From canon it was established that Voldemort's soul was earthbound because of the Horcruxes. That doesn't have anything to do with his tangible body though, which was destroyed at the Attack on Potters. We know he can feel pain, which is one other "weakness" of the human nature (according to Voldemort):
“I miscalculated, my friends, I admit it. My curse was deflected by the woman’s foolish sacrifice, and it rebounded upon myself. Aaah... pain beyond pain, my friends; nothing could have prepared me for it.
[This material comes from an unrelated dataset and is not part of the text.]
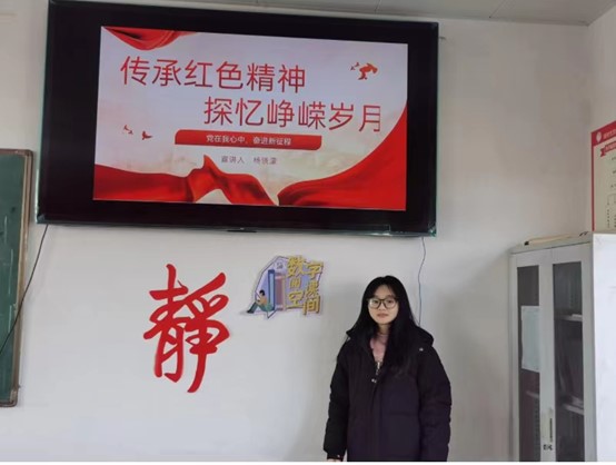 1月25日,杨晓濛同学在山东省聊城市茌平区自然资源和规划局进行了主题宣讲,提到了传承红色精神的重要性,追忆了无数革命先辈的峥嵘岁月,应继续发扬艰苦奋斗、自力更生、无私奉献、解放思想、实事求是、与时俱进、开拓创新的红色精神。
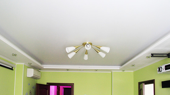 • матовые натяжные потолки – классический вариант, особенно если выбрать полотно белого цвета: оно удивительно точно имитирует всем известную побелку;

I was ripped from my body, I was less than spirit, less than the meanest ghost... but still, I was alive.
Harry Potter and the Goblet of Fire, Chapter 33 - The Death Eaters [Emphasis mine]
Him being immortal, means that his soul cannot pass away; his body still continues to function like any other mortal human body, effectively being a "container" for the eight mangled part of his soul.
As such, as his body is vulnerable to destruction like any other one, one can imagine that it also needs feeding and watering to continue its biological functions.
Although it's a little odd of course, to imagine Voldemort having a Lucullian fare, he could probably be fed with venom of Nagini, as he did when he was in his rudimentary body.